In the above JSON, the agent found that one node stays mostly idle. Shutting it down would save ~$8 over the next seven days. For a small team, this may sound minor, but in reality:
- It’s a 20% cost reduction for that node.
- Freed resources can be used for development/testing elsewhere, without hurting reliability.
Validation & Trust
FinOps Agent includes built-in validation that runs every few forecast cycles.
It validates forecasts regularly:
- Walk‑forward backtesting with mean ± stdev of error
- Accuracy metrics tailored to cost and utilization
Results are exposed via/stats so operators and finance teams can see the quality alongside the forecasts.
def validate_forecasts(self, raw_prometheus_data):
# Split historical data into train/test sets
train_ratio = 0.7 # 70% training, 30% testing
# Generate forecasts on training data
# Compare with actual values in test set
# Calculate accuracy metrics:
# – MAPE (Mean Absolute Percentage Error)
# – MAE (Mean Absolute Error)
# – RMSE (Root Mean Square Error)
Here’s an example of validation stats from a production cluster:
- MAPE: 2.9% (excellent accuracy)
- No clusters with errors
- Multiple cost and utilization metrics validated
An output JSON generated by FinOps Agent:
{
“status”: “success”,
“timestamp”: “2025-07-18T12:41:48.686914”,
“validation_results”: {
“aws-ramesses-regional-0”: {
“cost_usd_per_cluster_cluster-aggregate”: {
“mae”: 0.0006218099733814597,
“mape”: 0.27760169468820095,
“rmse”: 0.0006950463284738362
},
“cpu_pct_per_cluster_cluster-aggregate”: {
“mae”: 3.592783212661743,
“mape”: 4.132195591926575,
“rmse”: 3.7026379108428955
},
…..
“cpu_total_cores_per_node_aws-ramesses-regional-0-md-8snzm-stgb6”: {
“mae”: 0.01127923745661974,
“mape”: 0.563961872830987,
“rmse”: 0.011976901441812515
}
}
},
“summary”: {
“cluster_count”: 1,
“clusters_with_errors”: 0,
“metrics_validated”: 21,
“average_mape”: 2.9
},
“validation_config”: {
“train_ratio”: 0.7,
“metrics”: [
“mape”,
“mae”,
“rmse”
],
“format”: “toto”
}
}
Output & Storage
The FinOps Agent exposes forecasts through a RESTful HTTP API, making integration with existing tooling straightforward.
# Get cluster-specific forecasts
GET /metrics/{cluster_name}
# List all available clusters
GET /clusters
# Retrieve optimization recommendations
GET /optimize
# Access validation statistics
GET /stats
Grafana Integration
For visualization, the agent includes pre-configured Helm charts that deploy custom Grafana dashboards with Infinity Datasource integration.
How to Try
The recommended way is to install a FinOps Agent using the MultiClusterService resource in k0rdent.

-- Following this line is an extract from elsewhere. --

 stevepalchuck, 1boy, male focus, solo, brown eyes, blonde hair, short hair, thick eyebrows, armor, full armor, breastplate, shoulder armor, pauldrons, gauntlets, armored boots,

Follow the instructions in the README section to get started with the FinOps Agent: https://github.com/Mirantis/finops-agent?tab=readme-ov-file#k0rdent–kof-recommended.

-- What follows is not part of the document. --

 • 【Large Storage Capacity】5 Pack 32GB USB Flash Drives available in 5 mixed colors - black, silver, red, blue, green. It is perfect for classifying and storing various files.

Deploying the FinOps Agent across your clusters is simple thanks to k0rdent’s MultiClusterService resource. Here’s an example YAML:
kind: MultiClusterService
metadata:
name: forecasting-agent
spec:
clusterSelector:
matchLabels:
group: production
serviceSpec:
services:
– template: forecasting-agent-0-1-0
name: forecasting-agent
namespace: finops
The FinOps Agent’s integration with KOF provides seamless observability insights, including pre-built Grafana dashboards.

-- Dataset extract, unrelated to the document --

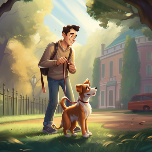 a man walking his dog in a park in daylight. He stops to tie his shoelace and puts the dog's leash in the man's mouth. The Dog pulls on the leash, straining while watching a cat. The man is looking away from the dog. pixar style cartoon
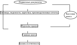 Итоговые данные журналов-ордеров в конце месяца заносят в Главную книгу, по данным которой составляется бухгалтерский баланс.

# Create custom GrafanaDashboard objects
apiVersion: grafana.grafana.com/v1beta1
kind: GrafanaDashboard
metadata:
name: finops-forecasting
namespace: monitoring
spec:
json: |
{
“title”: “FinOps Forecasting Dashboard”,
“panels”: […]
}
Start Building Today
The FinOps Agent demonstrates how quick and effective it is to address real business challenges when building on the right foundation. With k0rdent and KOF’s standardized platform, you can:
- Focus on business outcomes, not infrastructure headaches
- Deploy FinOps and other custom solutions across all clusters with ease
- Seamlessly integrate insights into existing tools and workflows
- Effortlessly scale as needed
Ready to get started? Deploy the FinOps Agent as your launchpad, then start reporting metrics, take action and realize measurable cost savings.